Serotonin 5-HT2 receptor blockage. Desipramine, very low. Nortriptyline, moderate.

Alpha-1 adrenolytic. Desipramine, low. Nortriptyline, moderate.

Weight gain risk. Desipramine, low. Nortriptyline, moderate. If you didn't gain weight on cyproheptadine, you probably won't gain weight on either.

As you can see, desipramine is a more selective NRI than nortriptyline. Whether this is a good thing or a bad thing depends on the individual.

 

Re: feeling like im out of options » ed_uk2010

Posted by Phillipa on January 31, 2015, at 20:19:06

In reply to Re: feeling like im out of options, posted by ed_uk2010 on January 31, 2015, at 17:21:54

Ed true know of not a soul that takes a TCI. Heart issues and others, and yes the OD one also. PJ

 

Re: more on my Delersonalization experience

Posted by hello123 on February 1, 2015, at 0:24:20

In reply to Re: more on my Delersonalization experience, posted by ed_uk2010 on January 30, 2015, at 15:15:50

> Oh right. Cyproheptadine is a more potent antihistamine than nortriptyline. Desipramine has little antihistamine effect.
>

Ed, do you have any of the number for Desipramines affinity for the Histamine receptor?

 

Re: feeling like im out of options » Phillipa

Posted by ed_uk2010 on February 1, 2015, at 7:28:27

In reply to Re: feeling like im out of options » ed_uk2010, posted by Phillipa on January 31, 2015, at 20:19:06

> Ed true know of not a soul that takes a TCI. Heart issues and others, and yes the OD one also. PJ

Tricyclics are very widely prescribed here but not for depression. Amitriptyline is the main TCA used, for chronic pain conditions. Cymbalta is little used for this purpose. I know a lot of people on TCAs, but none on Cymbalta... or Strattera for that matter.

 

Re: more on my Delersonalization experience » hello123

Posted by ed_uk2010 on February 1, 2015, at 7:55:28

In reply to Re: more on my Delersonalization experience, posted by hello123 on February 1, 2015, at 0:24:20

> > Oh right. Cyproheptadine is a more potent antihistamine than nortriptyline. Desipramine has little antihistamine effect.
> >
>
> Ed, do you have any of the number for Desipramines affinity for the Histamine receptor?

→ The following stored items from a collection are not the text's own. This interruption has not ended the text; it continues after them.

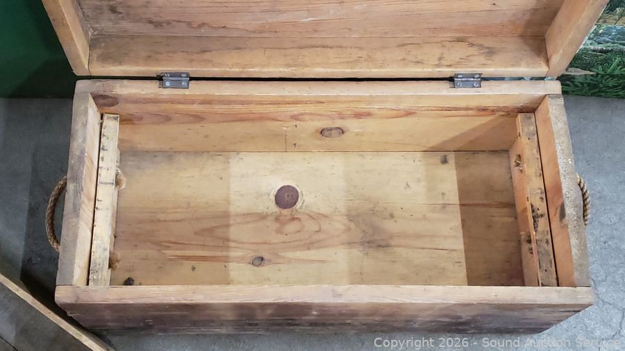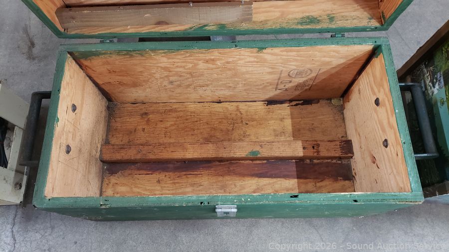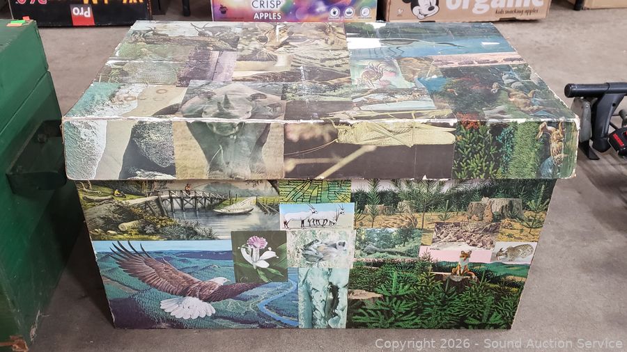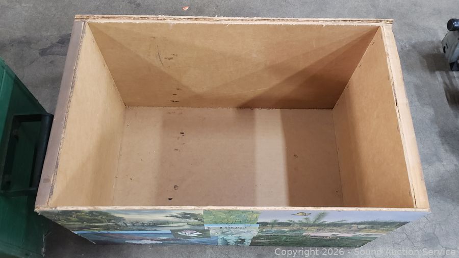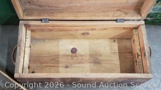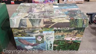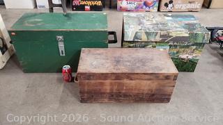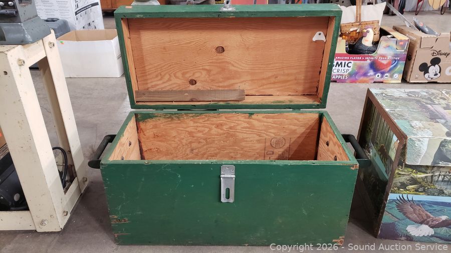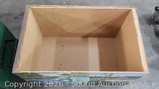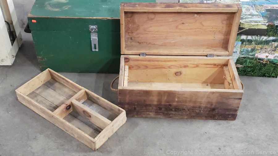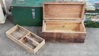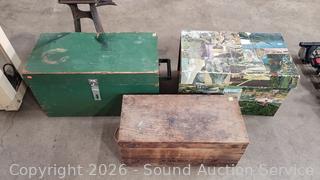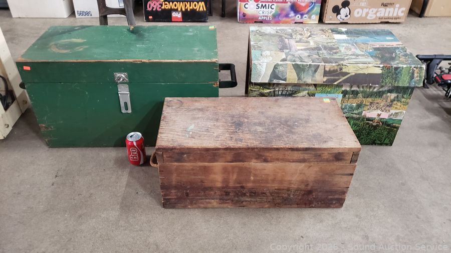 Natural wood toolbox, 10.75" H x 24" x 11.25". Animal print wood box, 14.75" x 24" x 14.5". Green Wood Box 15.75" H x 27.5" x 13.5".
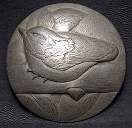 Completed Sterling Silver Nuthatch with leaves, 2 inch diameter,
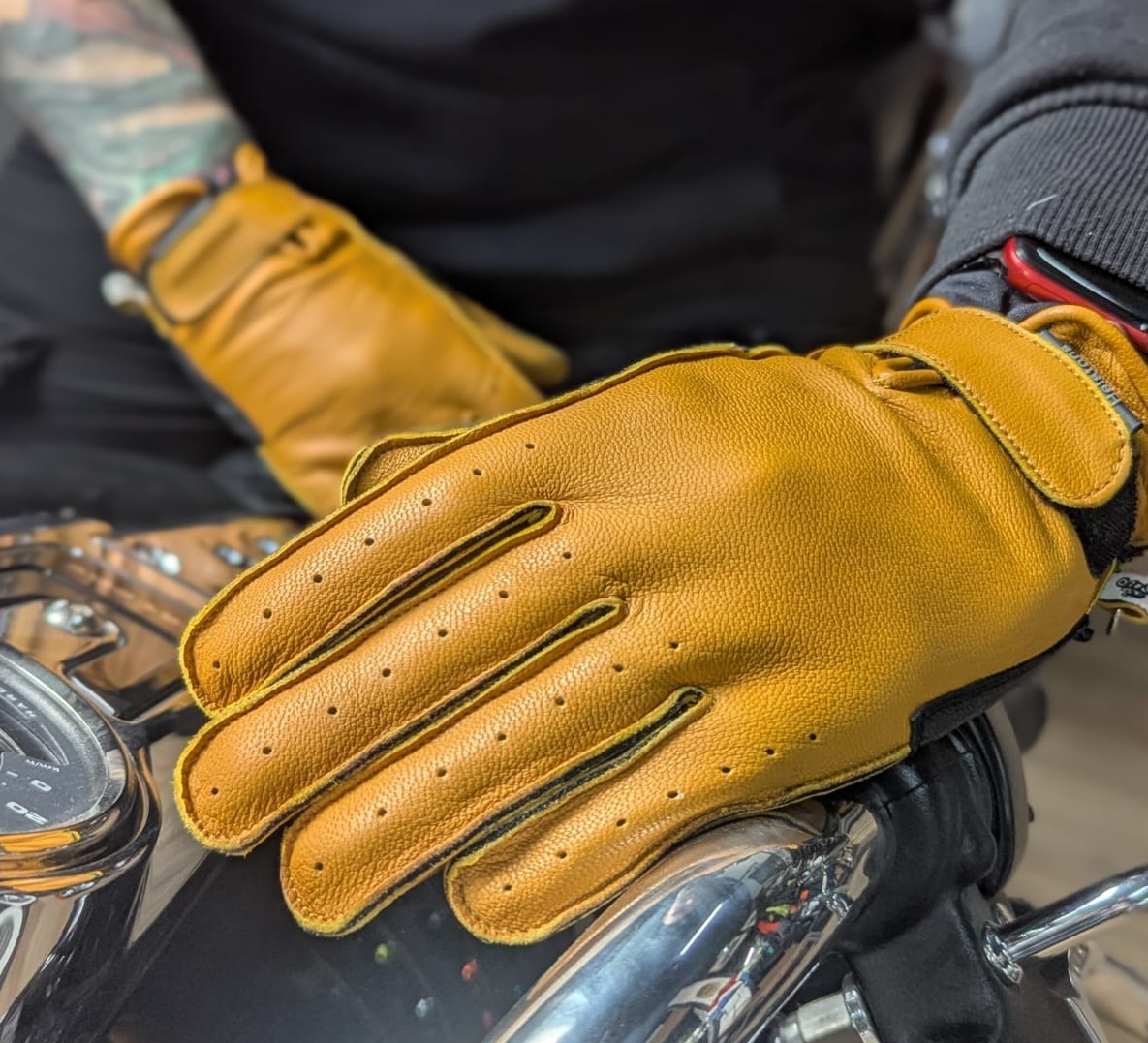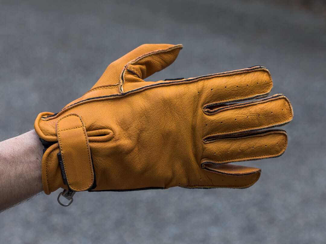 Ладони усилены арамидным волокном KEVLAR компании DuPont. Они придают изделию дополнительную прочность в месте соприкосновения с рулем, препятствуют преждевременному износу, продлевают срок эксплуатации. Стильная застежка-язычок с липучкой фиксирует короткую манжету на запястье. Благодаря вырезу на тыльной стороне ничего не стесняет движений кисти во время руления, а оригинальная кожаная накладка на ладони улучшает сцепление. Желтый дизайн дополняет коричневая отстрочка.

Yes, but remember, affinity values are of no meaning in isolation. The pharmacological effects of a drug depend on the concentration of the drug achieved at the receptor site in vivo, as well as the affinity, and a drug's comparative affinity for other sites is very important.

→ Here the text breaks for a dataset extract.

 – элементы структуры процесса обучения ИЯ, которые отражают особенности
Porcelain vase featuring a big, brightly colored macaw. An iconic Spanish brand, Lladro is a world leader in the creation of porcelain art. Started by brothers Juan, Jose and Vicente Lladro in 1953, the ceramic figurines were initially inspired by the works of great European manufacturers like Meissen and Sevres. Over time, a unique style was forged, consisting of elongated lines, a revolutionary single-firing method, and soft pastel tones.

Different experiments come up with somewhat different results, but out of all sites, desipramine has the highest affinity for the human NE transporter, with a Ki of approximately 2. Remember that affinity values are of no meaning in isolation, but potentially useful for the comparison of a specific drug's binding to different sites. The affinity of desipramine for the human H1 histamine receptor is many times lower than its affinity for the NE transporter, with a Ki of around 60. Do not use Ki affinity values to casually compare the affinity of different drugs for the same site, because different drugs achieve very different concentrations at the receptor.

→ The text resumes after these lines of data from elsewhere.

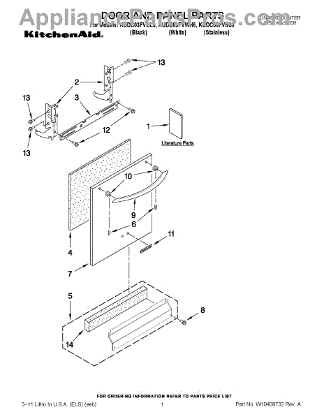 The Panel (BLK) is an OEM part for Whirlpool dishwashers. This black exterior panel is designed to provide a sleek and durable front surface for the dishwasher, enhancing its appearance and protecting internal components.
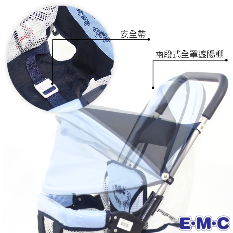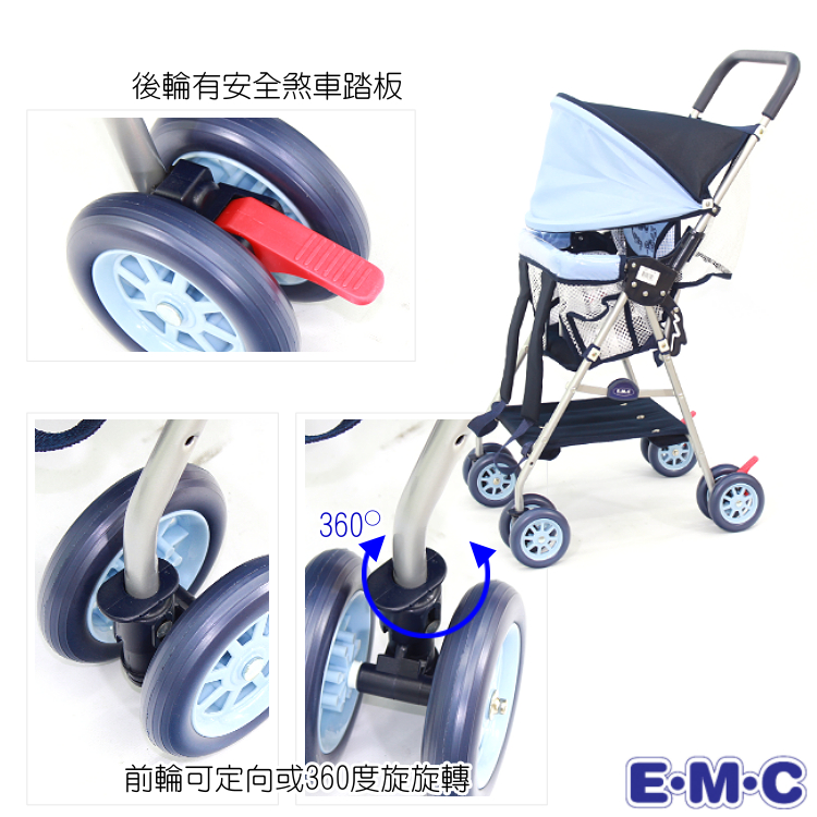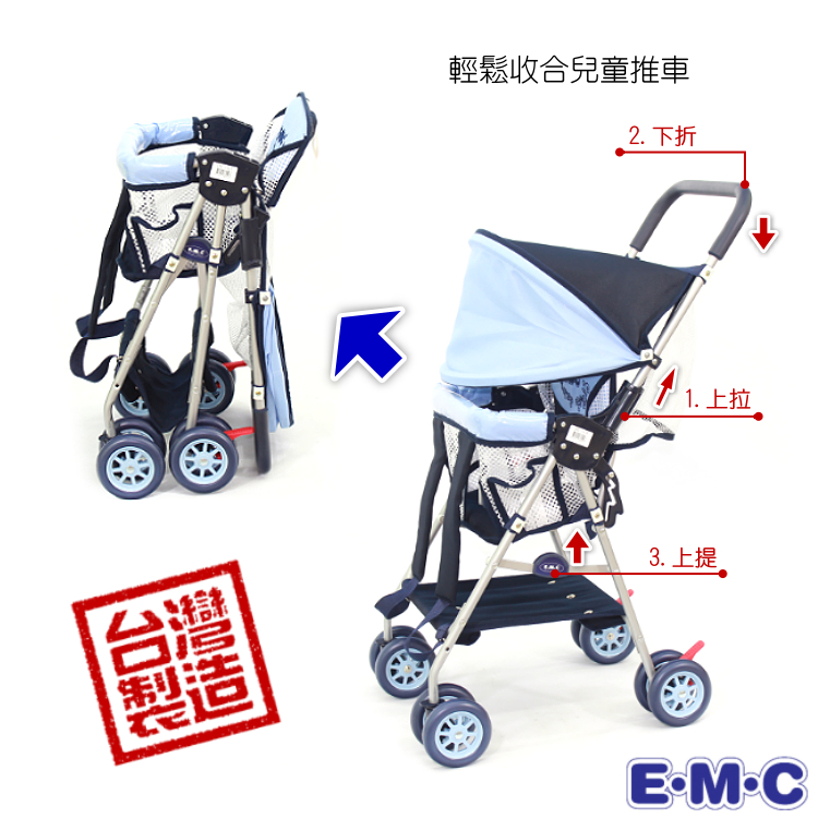 - 展開時雙邊有加附卡榫,避免車體收納慣性而夾傷寶寶。
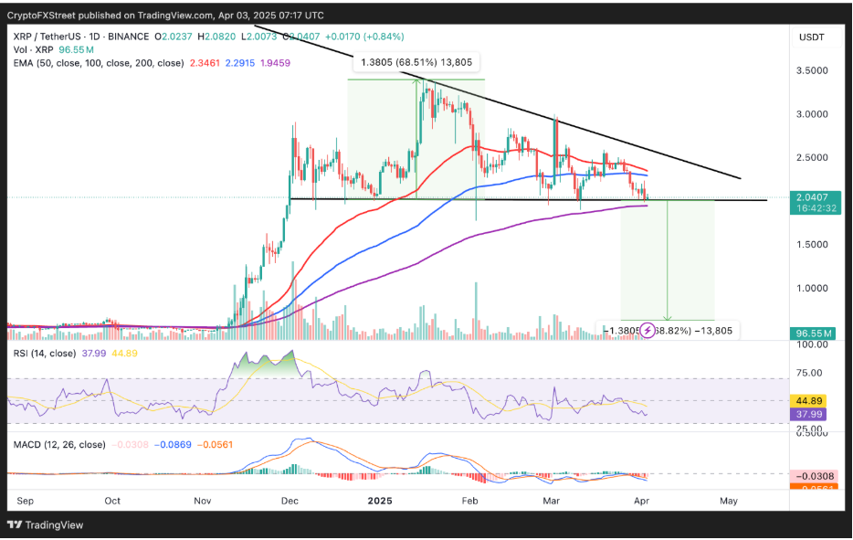 Pokles hodnoty XRP sa podľa analytikov zhorší, ak trh nedokáže ubrániť podpornú úroveň 2 dolárov. Zostupný trendový vzor na dennom grafe naznačuje, že XRP môže klesnúť o 68 % až na úroveň 0,62 dolára, ak trhové napätie nedosiahne extrémne výšky.
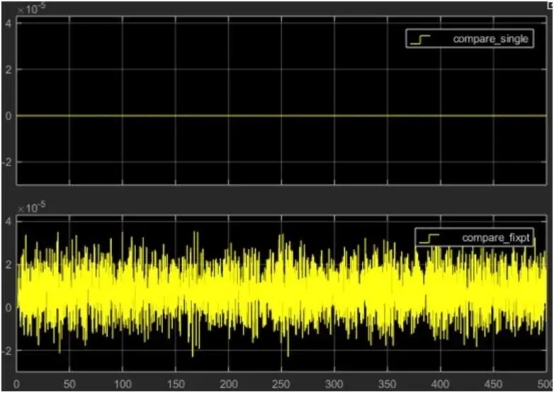 當我們跑的時候?固定點設(shè)計師 為了執(zhí)行轉(zhuǎn)換,我們指定了1%的誤差公差.圖5顯示了比較結(jié)果。單精密版的誤差在10左右。 -8 ,而定點數(shù)據(jù)類型的錯誤約為10 -5 .這在我們指定的誤差范圍內(nèi).如果您的應(yīng)用程序需要更高的精確度,您可能需要增加固定的單詞長度。

Anyway, the point is, because desipramine binds to human brain NE uptake sites with far higher affinity than H1 sites, it is possible to achieve reuptake inhibition with very little antihistamine effect. This is noticeable clinically; desipramine is unlikely to cause a subjective antihistamine-type sedation. Bear in mind, a lot of the subjective effects of antihistamine such as diphenhydramine are not due to H1 antagonism (these drugs are not selective)... many of the subjective effects are anticholinergic.

It's interesting that one of the drugs you have benefited from a great deal is a potent antihistamine, cyproheptadine. No doubt its benefits on mood were not due to histamine antagonism, however. Cyproheptadine has affinity for the 5-HT2a receptor with a Ki of around 1, which may be relevant. Its affinity for the H1 histamine receptor is extremely high, at around 0.06.